If there is to be no match during second pick, then there are $N(N-2)$ ways of picking the second sock, because for each sock picked the first time there are $(N-2)$ socks that we could pick the second time without having a match.
If there is to be no match during third pick, then there are $N(N-2)(N-4)$ ways of picking the third sock. This is because after two picks without a match, there are $(N-2)$ socks left, and for there are to be no match in the third pick there are $(N-2)-2$ choices available.
If there is to be no match during fourth pick, then there are $N(N-2)(N-4)(N-6)$ ways of picking the second sock. This is because after three picks without a match, there are $(N-3)$ socks left, and for there are to be no match in the fourth pick there are $(N-3)-3$ choices available.
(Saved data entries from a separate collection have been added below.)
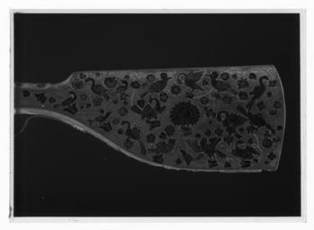 Keywords: Flintlåsbössa av fransk-nederländsk typ ca 1650, stock av Johan Eberhart Sommer, Künzelsau - Livrustkammaren - 43890-negative.tif Publius Cornelius Scipio Africanus konsul plain text Rund slätborrad pipa av stål godstjocklek vid mynningen 0 8 mm Åttsidig kammaren vid övergången en smal ring kanterna fasade 12 mm bakom ringen vid pipbasen likaså en profilerad vulst på de tre övre faserna Därframför ett dekorfält i stålsnitt l 110 mm nästan hela fältet förgyllt baktill ett snäckliknande ornament med två nedhängande bladfestonger Därframför tre ryttare alla i rustning den i mitten barhuvad fas fältherrestav i h hand den h ryttaren har stav i v hand och fana i h den v ryttaren likaså fana båda hjälmklädda Ornamentfältet framtill avslutad med liknande snäckornament med bladfestonger kompletterade med bladknippe i mitten Rektangulärt svansskruvblad svagt böjt med bladdekor i stålsnitt <br/>Riktmedel Hjärtformigt sikte av förgylld mässing stolpkorn av mässing <br/>Fästning Pipan fäst med krysskruv underifrån dold av avtryckarblecket samt tre pipstift av stål <br/><br/>Flintlås med plant låsbleck delvis något fasade kanter dekor i stålsnitt på låsblecket bakom hanen ryttare i 1600-talsdräkt med fältherrestav i bakgrunden stad till h om hanen tillbakaseende fältherre till häst i bakgrunden tält S-formig platt hane med små rundade käkar överkäken lös graverad och punsad drakdekor rundat koniskt käkskruvhuvud hanskruv med huvud täckande hela hankroppen stålsnittsdekor i form av blomma Fängpanna med liten fals på gaveln sicksackdekor Batteri med rektangulärt eldstål med rundad överkant liten profilering nertill på ryggen Batterifjäder utan studel litet sexflikigt fjäderlöv Nöt utan studel <br/>Fästning Två låsskruvar <br/>C-formig avtryckare Rektangulärt avtryckarbleck <br/><br/>Helstock av valnöt med kolv av tidig fransk typ På kolvens h och undersida snidad dekor på h sida stridsscen täckande hela sidan ryttare i antikiserande rustningar och i förgrunden till v en på marken sittande skäggig krigare som stöttas av två krigare och framför honom en yngre man som håller en häst vid tygeln Längs nederkanten en inskuren latinsk text Scipio cui magnum dives dedit Affrica nomen // pugnantem ad Trebia litus mane patrem samt i ny spalt till h Eximit ingenti pressum discrimine belli // Iam puer et tuta sub statione locat Scipio som det rika Afrika gav ett stort namn giver redan såsom gosse den tidigt vid Trebias strand kämpande fadern ett säkert hägn och borttager honom från det genom ofantliga faror tryckande kriget Längst till höger signering Iohan EberHart // Somer Kolvens undersida svagt rundad två rektangulära fält båda med krigare i helfigur det bakre med en man sedd snett bakifrån huvudet profil h på huvudet ett lejonhuvud med manen hängande ner på ryggen antik rustning och kort mantel h hand håller i oval sköld v arm upplyft och håller i stav Herkules Det främre fältets man likaså sedd snett bakifrån huvudet profil v antik rustning med hjälm o plym ingen mantel gehäng med svärd v hand vilar på höften h håller en på marken stödd sköld Framför de två fälten en i bladverk övergående maskaron Hela stocken i övrigt dekorerad med rankverk av silvertråd med blad och blommor av graverade pärlmorplattor På anslaget i rankverket dessutom 17 fåglar av olika slag däribland en uggla och fem påfåglar i mitten en med uppfälld stjärt Belag av graverat silver bakplåt fäst med sju stålspikar runt spikarna samt mitt på bakplåten graverade blad Två släta rörkor samt näsband med blomdekor Varbygel av stål med korta släta armar främre stolpen kluben och främre armen har del även bakom stolpen litet flikigt löv baktill På bygeln en hillebardiär i låg relief <br/><br/>Tillbehör <br/>Laddstock av stockens trä l 1142 mm framtill skodd med silver l 27 mm med geometrisk dekor I andra änden spår av annat beslag original caption ca 1650 walnut e3 - eldvapen - stock material valnöt - steel e127 - eldvapen - pipa lås och stockbeslag material stål - silver thread e8 - eldvapen - stockdekor material silvertråd - silver e7 - eldvapen - stockbeslag material silver - mother-of-pearl e8 - eldvapen - stockdekor material pärlemor - brass e4 - eldvapen - riktmedel material mässing g 2520 size mm 1162 pipa size mm 1555 LRK Künstlerfamilie Sommer 1985 Scipio cui magnum dives dedit Affrica nomen // pugnantem ad Trebia litus mane patrem // Eximit ingenti pressum discrimine belli // Iam puer et tuta sub statione locat anv e3 - eldvapen - stock; Elin Thegerström Iohan EberHart // Somer anv e8 - eldvapen - stockdekor; Johan Eberhard Sommer Scipio cui magnum dives dedit Affrica nomen // pugnantem ad Trebia litus mane patrem // Eximit ingenti pressum discrimine belli // Iam puer et tuta sub statione locat anv e3 - eldvapen - stock; Elin Thegerström Iohan EberHart // Somer anv e8 - eldvapen - stockdekor; Johan Eberhard Sommer place of origin original filename LN_B07995_010875 55357 inventory number LRK 18794 43890 CC0 Flintlåsbössa av fransk-nederländsk typ ca 1650 stock av Johan Eberhart Sommer Künzelsau - Livrustkammaren - 43890 tif <gallery caption Different images of same object > File Flintlåsbössa av fransk-nederländsk typ ca 1650 stock av Johan Eberhart Sommer Künzelsau - Livrustkammaren - 81541 tif File Flintlåsbössa av fransk-nederländsk typ ca 1650 stock av Johan Eberhart Sommer Künzelsau - Livrustkammaren - 64420 tif File Flintlåsbössa av fransk-nederländsk typ ca 1650 stock av Johan Eberhart Sommer Künzelsau - Livrustkammaren - 72982 tif File Flintlåsbössa av fransk-nederländsk typ ca 1650 stock av Johan Eberhart Sommer Künzelsau - Livrustkammaren - 77798 tif File Flintlåsbössa av fransk-nederländsk typ ca 1650 stock av Johan Eberhart Sommer Künzelsau - Livrustkammaren - 13151 tif File Flintlåsbössa av fransk-nederländsk typ ca 1650 stock a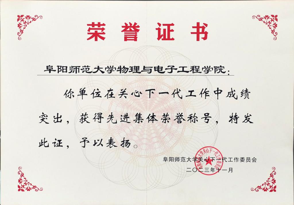 11月21日,阜阳师范大学关工委成立30周年庆祝大会在躬行楼F楼报告厅召开。会上表彰了一批关心下一代工作先进集体和先进个人。我院荣获“关心下一代工作先进集体”称号,余建华、吴学军二同志荣获关心下一代“先进工作者”称号。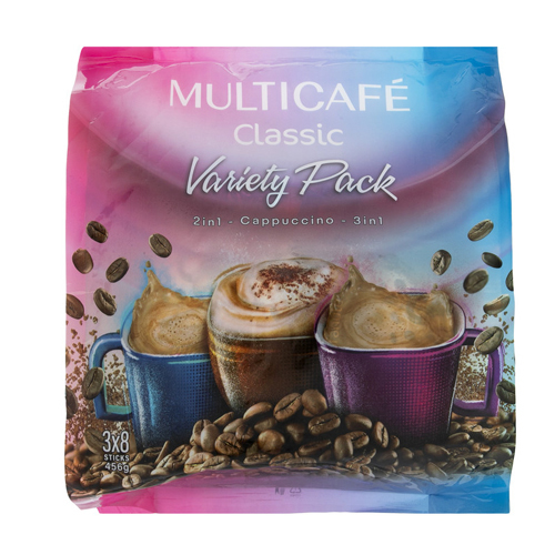 - این بسته شامل کاپوچینو همراه پودر کاکائو - پودر قهوه ۲ در ۱ - پودر قهوه ۳ در ۱ ارزش غذایی ۲.۳ لیوان کاپوچینو ۱۵۰ میلی لیتر : انرژی : ۱۰۷ کیلوکالری قند : ۱۵ گرم چربی : ۲.۳ گرم نمک : ۰.۲۱ گرم اسیدهای چرب ترانس : ۰ گرم - محصولات خوشمزه مولتی کافه کلاسیک در بسته متنوع جمع شده اند. با خرید این بسته کافی میکس ۳در۱ ، ۲در۱ و کاپوچینو مولتی کافه کلاسیک را داشته باشید. از هر محصول ۸ عدد در این بسته قرار داده شده است. - یک بسته کافی میکس را در یک فنجان با آب داغ حل نموده و میل نمائید. - فوری بسته ترکیبی شامل ۳ محصول

Since the first match occurs on $k$-th picking, there has been no match during the previous $(k-1)$ pickings. The number of ways for there to be no match during $(k-1)$ pickings is: \begin{align} &N(N-2)(N-4)...(N-2(k-2))\\ =&2^{k-1}n(n-1)(n-2)...(n-(k-2))\\ =&2^{k-1}\prod_{i=0}^{k-2}(n-i) \end{align} Since you have picked $(k-1)$ distinct socks so far, to get a match on $k$-th picking we must pick one of the $(k-1)$ socks. Therefore the total number of ways to get the first match on $k$-th pick is: $N(N-2)(N-4)...(N-2(k-1))(k-1)$. \begin{align} (k-1)2^{k-1}\prod_{i=0}^{k-2}(n-i) \end{align}
Since there are a total of $N(N-1)(N-2)...(N-(k-1))=\prod_{i=0}^{k-1}(2n-i)$ ways to select socks without replacement in $k$ picks the sought for probability is: \begin{align} \frac{(k-1)2^{k-1}\prod_{i=0}^{k-2}(n-i)}{\prod_{i=0}^{k-1}(2n-i)} \end{align} This formula correctly reproduces your results. Using Mathematica I get the $\lim_{n\to\infty}\frac{E[X_n]}{n}=0$.
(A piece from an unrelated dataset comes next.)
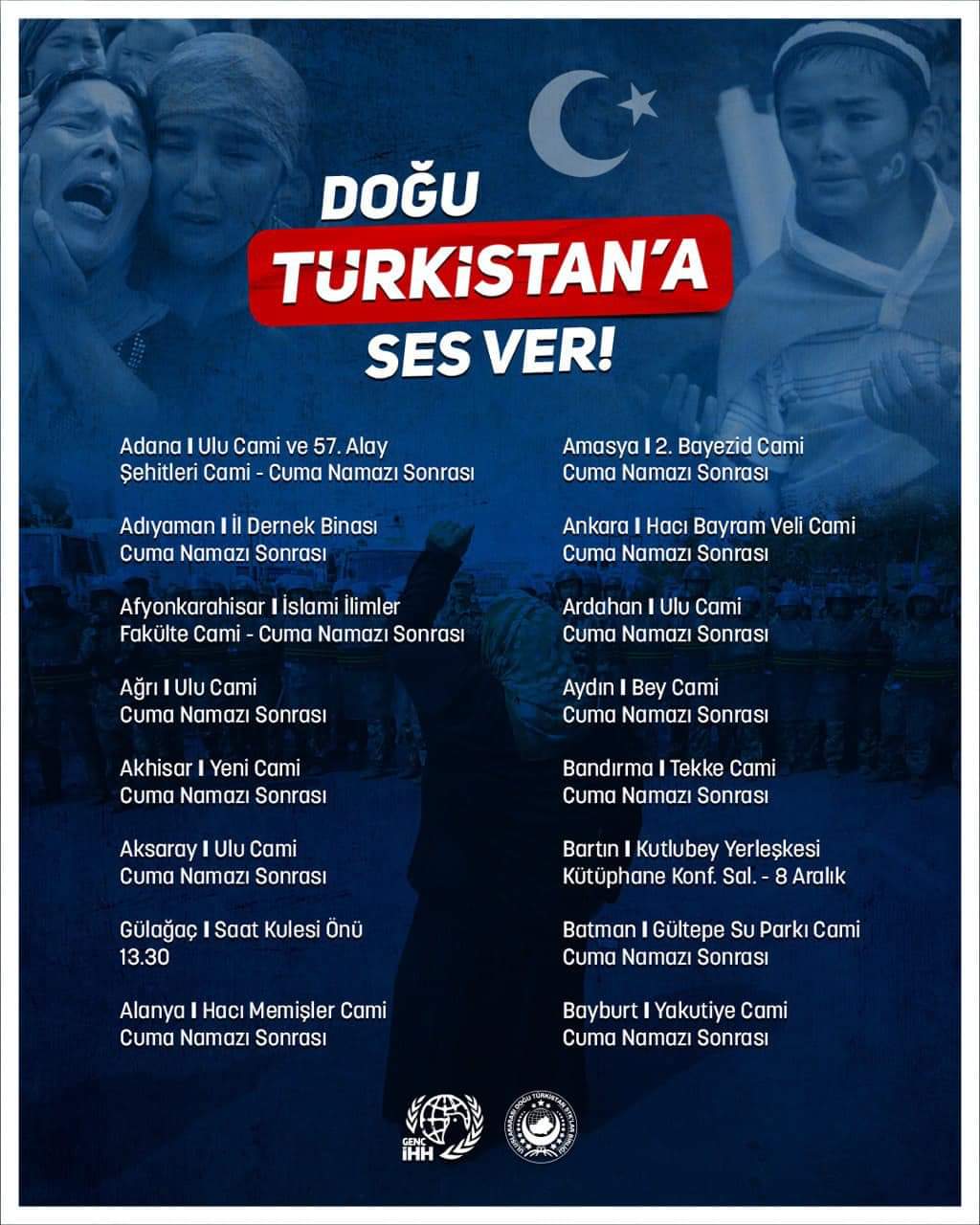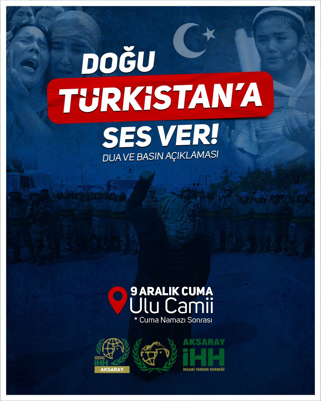 Çin zulmü altındaki Doğu Türkistanlı kardeşlerimizin sesi oluyoruz! Tüm Türkiye genelinde, Cuma namazı sonrası düzenleyeceğimiz dua ve basın açıklamalarına davetlisiniz.

Here is an alternative solution.
Let's say the first match occurs on the $X$th draw. We would like to find $\Pr(X>k)$, i.e. the probability that there has been no match by draw $k$, for $k = 0, 1, 2, \dots ,n$. There are $\binom{2n}{k}$ possible selections of $k$ socks, all of which we assume are equally likely. If there is no match, we must have at most one sock of each of $k$ colors. There are $\binom{n}{k}$ ways to select the $k$ colors, and $2^k$ ways to select the socks of those colors, so $\binom{n}{k}\; 2^k$ ways in all. So $$\Pr(X>k) = \frac{\binom{n}{k} \; 2^k}{\binom{2n}{k}}$$
Hence $$E(X) = \sum_{k \ge 0}\Pr(X>k) = \sum_{k=0}^n \frac{\binom{n}{k} \; 2^k}{\binom{2n}{k}}$$